高校 Global Leadership Program 2025 アブダビ研修を実施しました

2026.1.27

 1月10日から16日にかけて、「立守 Global Leadership Program 2025 アブダビ研修」を実施し、本校高校生9名をアラブ首長国連邦(UAE)へ派遣しました。

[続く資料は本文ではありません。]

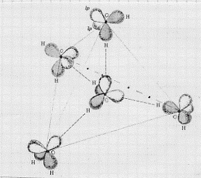 Figura 25 – I lobuli ombreggiati sono quelli che contengono coppie di elettroni leganti; gli altri contengono coppie solitarie. Le linee tratteggiate rappresentano il legame idrogeno. Le linee continue e quella tratto-punteggiata descrivono il tetraedro ai cui vertici si incontrane le quattro molecole di acqua che circondano la molecola centrale.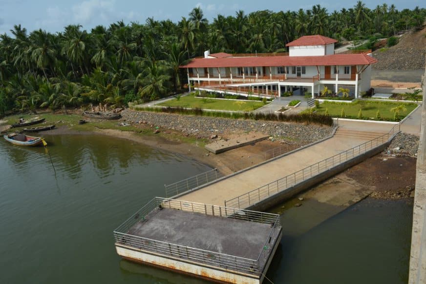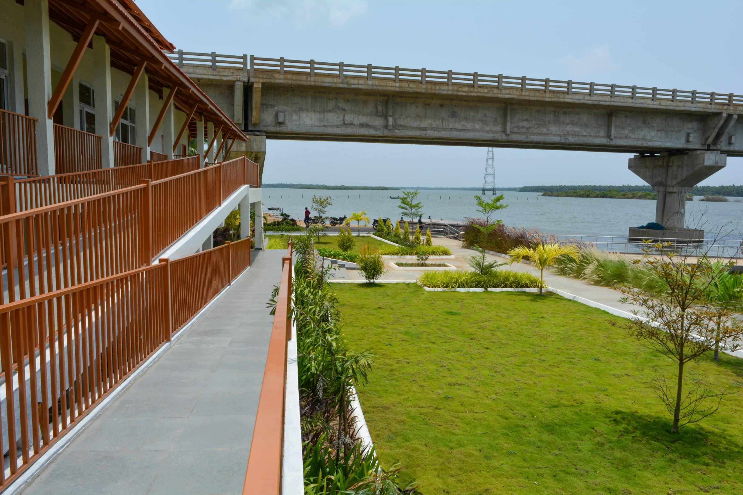 Backwater tourism and river boat cruises developed in other locations like Aduru, Vadalarevu on the same circuit add to the tourists’ basket of explorable options. Visitors interact closely with natural elements, facilitated by meandering pathways and boardwalks punctuated by pause points. Boats await at floating jetties for those wishing to explore the waters, others can opt to cycle around. Local hamlets and settlements, while left physically untouched, are economically bolstered by locating tourist lodgings nearby and enlivening their markets with appropriate interventions. The architectural style of the minimal built-forms, be they lodgings, restrooms, passenger terminal, ticketing or information centers, follow local traditional forms with sloping roofs, slat-shaded balconies in modules that alternate with courtyards in a lyrical play of solids and voids.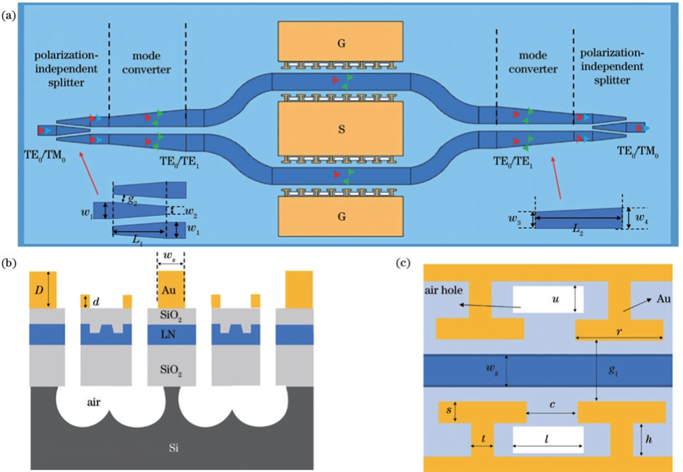所提基于TFLN的偏振无关电光调制器如图1(a)所示。整体结构基于1个对称的MZI,包括2个偏振无关光分束器、4个模式转换器和1个电光相位调制器。偏振无关光分束器将TM0和TE0模式均匀地分成两束光,而后通过模式转换器将TM0转换为TE1模式,同时保持TE0模式不变。在调制区域,TE0和TE1这两种模式同时由相同的电场通过周期性电容加载的行波电极结构进行调制。图1(b)为调制器的截面结构,硅衬底上方是3µm厚的二氧化硅,X切铌酸锂膜层的总厚度为400nm,半刻蚀的方式使得铌酸锂脊波导的高度为200nm,在铌酸锂上方生长300nm的二氧化硅以降低金属吸收损耗,波导宽度wg为2.84µm。调制器采用周期性电容加载的行波电极结构,由金属主电极和周期性微结构电极组成,微结构电极阻止电流在靠近两个主电极之间的区域流动,保证电流在较为宽的主电极结构中分布更均匀。因此,在不扩大电极间隙的情况下,增加了导体有效尺寸,在减小微波传输损耗的同时,提高调制效率,突破带宽-半波电压的制衡关系。但这种电极结构会导致传输线的每单位长度的电容增加,相对于传统的行波电极结构来说其微波群速度将会显著降低,造成严重的速度失配,可对硅衬底进行去除以降低微波的群折射率,实现光波和微波的速度匹配。为了保证器件的机械强度,在S电极下方保留了一部分硅衬底以进行支撑。行波电极的结构参数包括D、d、ws、r、c、s、t、h、u、g1、l,值分别为1.1、0.2、78、47、3、2、5、15、9、4.6、39μm,微结构电极细节如图1(c)所示。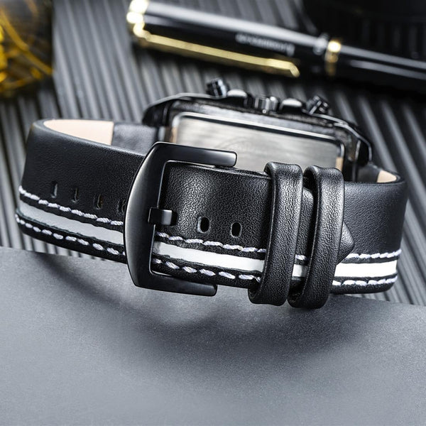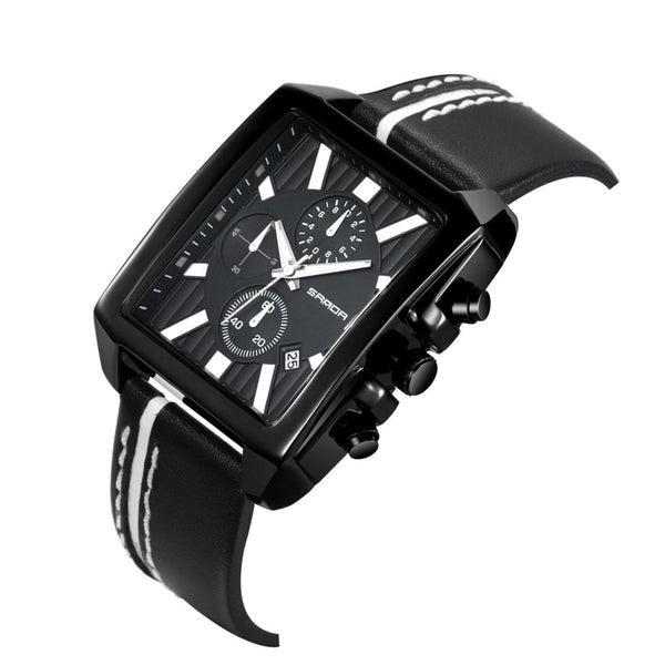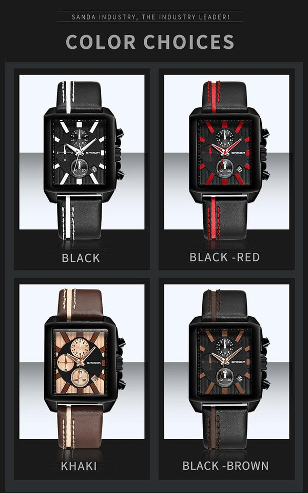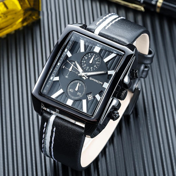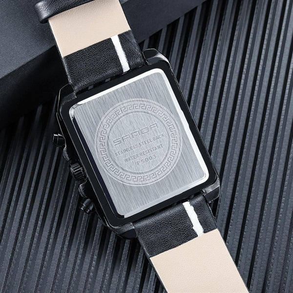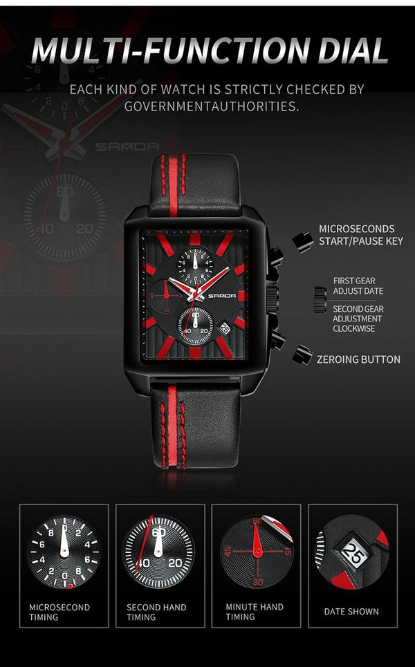 SANDA 5003 Three Eye Watch Six Pin Multi Purpose Sport Men Watch Leather Watch Student Waterproof Quartz Watch(Black)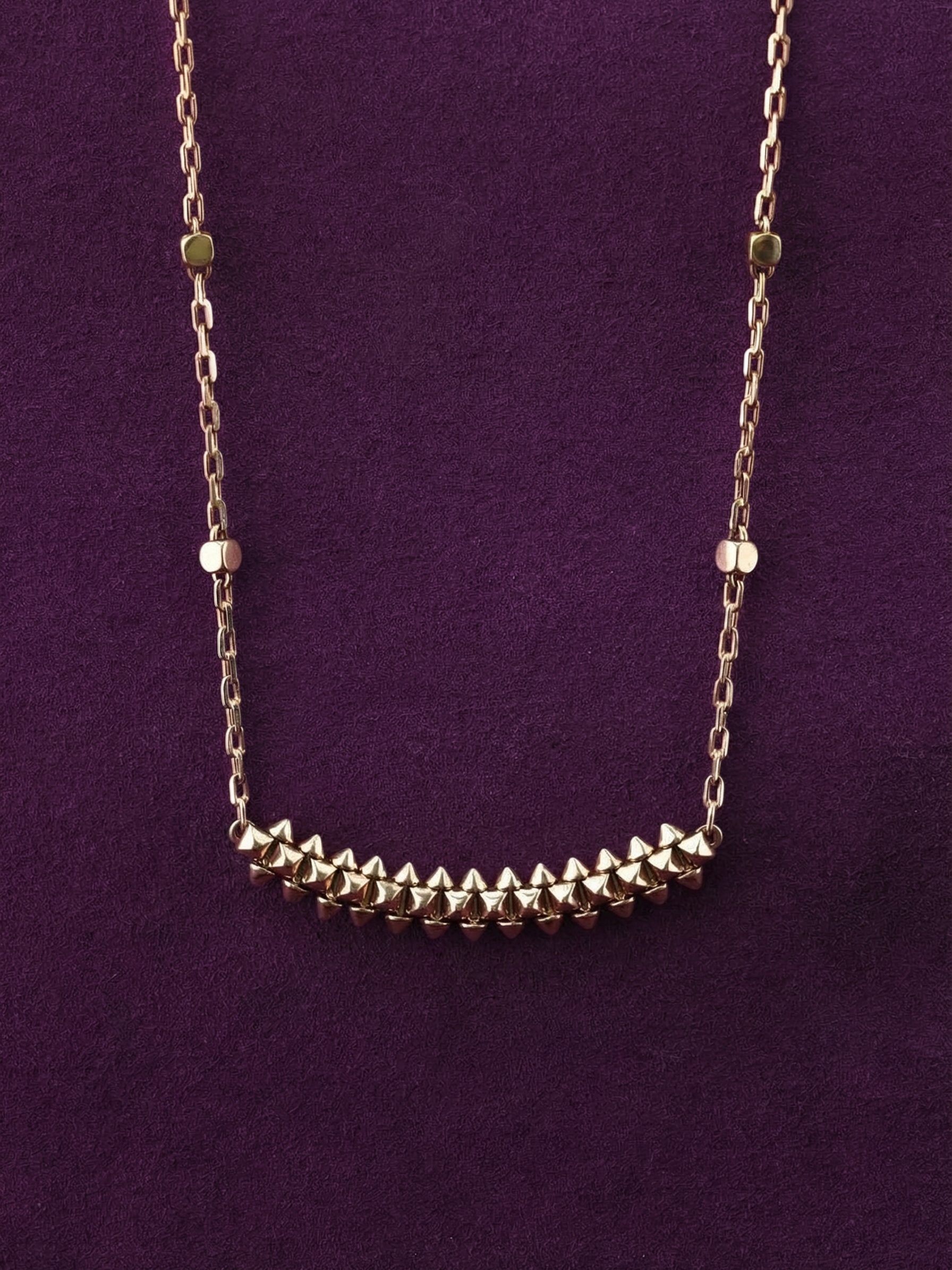 Данная модель выполнена в нежном розовом цвете металла, что придает строгому дизайну мягкости и благородства. Колье универсально и подходит как для женщин, так и для мужчин, подчеркивая индивидуальность владельца. Тонкая, но прочная цепочка гармонично дополняет массивную центральную часть с шипами, создавая сбалансированную композицию. Доступны варианты с длиной 40 и 45 см, что позволяет подобрать идеальную посадку.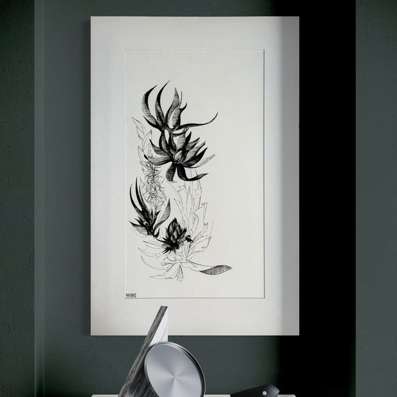 This ink on paper work by Eugène Eechaut, dated 1970, presents a vertical, semi-abstract composition built from organic, plant-like forms that shift between botanical imagery and surreal suggestion.

 本校のGlobal Leadership Programは、現代社会が抱えるさまざまな社会課題をテーマに、現地での体験や対話を通して学び、解決策を模索しながら、これからの世界と自らの生き方を考えることを目的としたプログラムです。毎年行き先を変えて実施しており、今年度は、2019年度より交流を継続しているアブダビの王立科学技術系高等学校 Applied Technology Schools(ATS)を訪問しました。今回は、これまでにバディとして交流経験のある生徒が参加し、現地の生徒たちとの再会を大きな柱とした研修となりました。

 研修中、生徒たちには以下の3つのミッションが課されました。
 1つ目は、日本のアンバサダーとして体験型の日本文化交流企画を立案・実行すること。
 2つ目は、エミラティ(UAE人)のご家庭でのホームステイを通して、現地の生活や文化を体感し、交流を深めること。
 3つ目は、「日本の高校生から見た日系石油開発企業『アブダビ石油』の価値とは何か。その価値を未来にどのように活かせるのか」をテーマに、脱化石燃料社会を見据えながら、日本とUAEが今後どのように関係を深めていけるかを提案することです。

 生徒たちは、8回にわたる事前学習を重ね、十分な準備を行った上で現地研修に臨みました。現地での学びの詳細については、ぜひ下記をご覧ください。

 本研修は、コスモエネルギー開発株式会社、アブダビ石油株式会社、学校法人立命館、ならびに本校教育振興会からの多大なご支援を受けて実現しました。特に、アブダビ石油株式会社のご尽力により実現したホームステイは、生徒たちにとって現地の文化や価値観に直接触れる、かけがえのない経験となりました。また、Applied Technology Schoolsの生徒たちとの再会と交流は、友情をさらに深める機会となり、生徒一人ひとりの心に強く残るものとなりました。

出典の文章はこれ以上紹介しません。